In the nineteenth century there was a shift in Mughal manuscript iconography that gave greater emphasis to architectural representation. The first artwork attributed to Ghulam Ali Khan is The Diwan-i Khan in the palace in the Delhi Fort [Red Fort] from 1817. The red tent in this watercolor serves as a stand-in for the emperor in his absence. He was a formal court painter since 1827 when he produced portraits for Akbar II and his son Mirza Salim. Khan signed these two portraits as "His Majesty's Painter" and "His Majesty's devoted faithful servant." A decade later in 1837 Khan painted the accession portraits of Bahadur Shah with his sons where they are set against the backdrop of the fireplace from the Zafar Mahal. He collaborated on the Portraits of the Exalted Emperors, producing the visual imperial genealogy in 1851. Other subject matter included painting high class courtesans, tawaifs, such as those featured in Mirza Fakhruddin entertained by musicians in a salon at the Zafar Mahal, 1852.

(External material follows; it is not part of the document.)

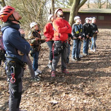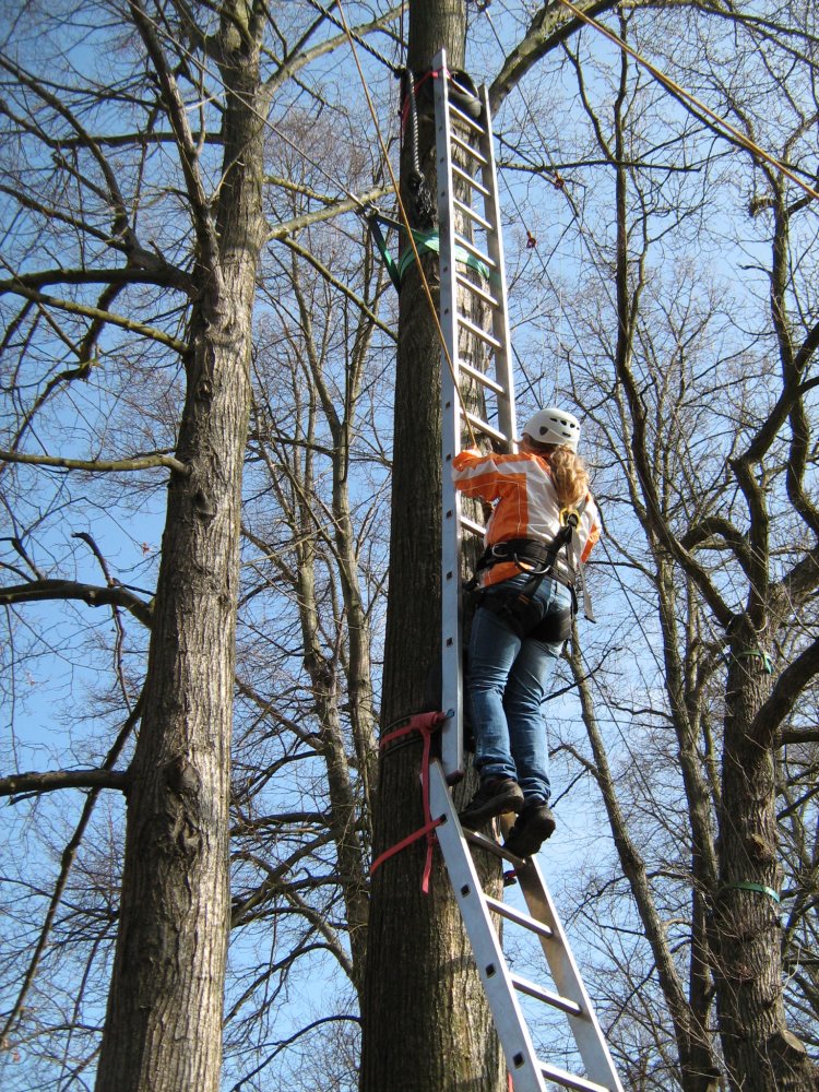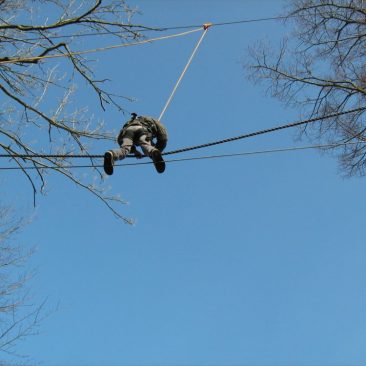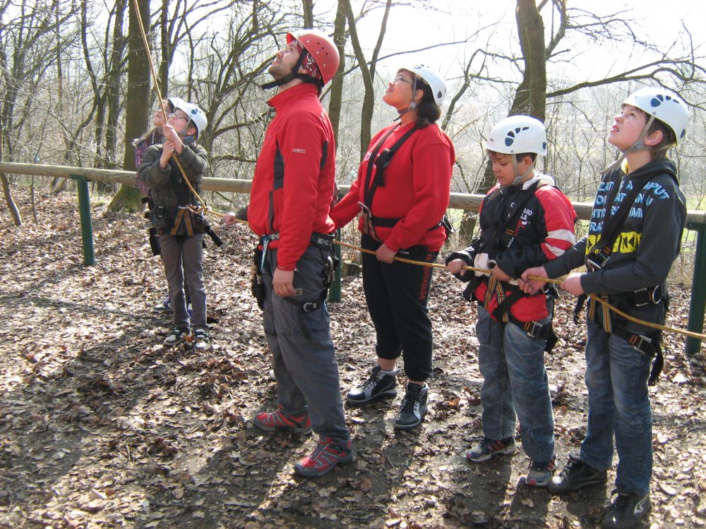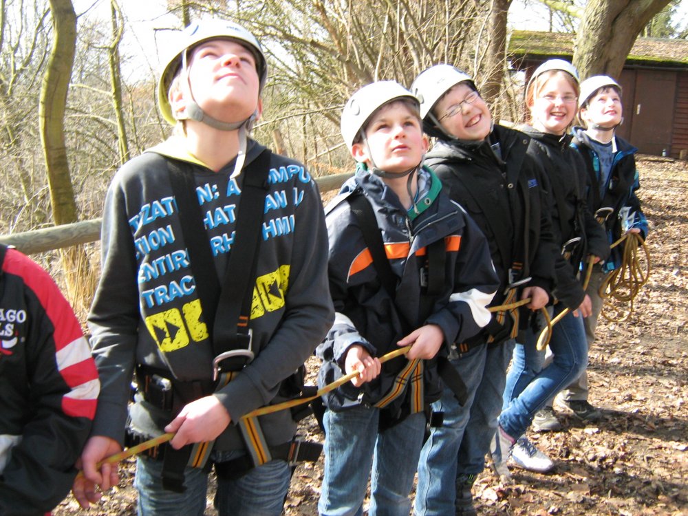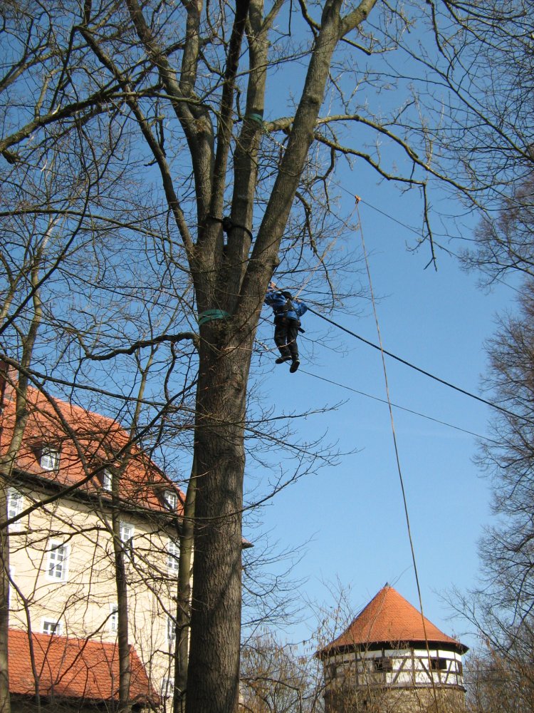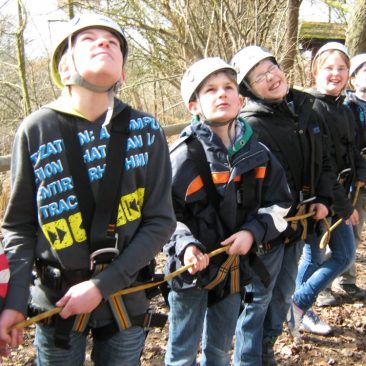 Bei einer anderen Station sind wir an einem Baum 2 Leitern hochgeklettert und die anderen haben uns gesichert. Dann sind wir auf einem Seil zu einem anderen Baum balanciert. Zum Schluss haben wir uns wieder von den Bäumen abgeseilt.

=== Painting Beyond the Mughal Court ===
In 1827, Khan worked on a three-part painting series for Colonel Skinner memorializing portraits of Skinner's cavalry for a private album. These paintings were done in watercolor and gouache. Khan painted for Skinner again completing a portrait of the colonel in 1830. He participated in the Fraser Album project which was a collection of Delhi genre paintings.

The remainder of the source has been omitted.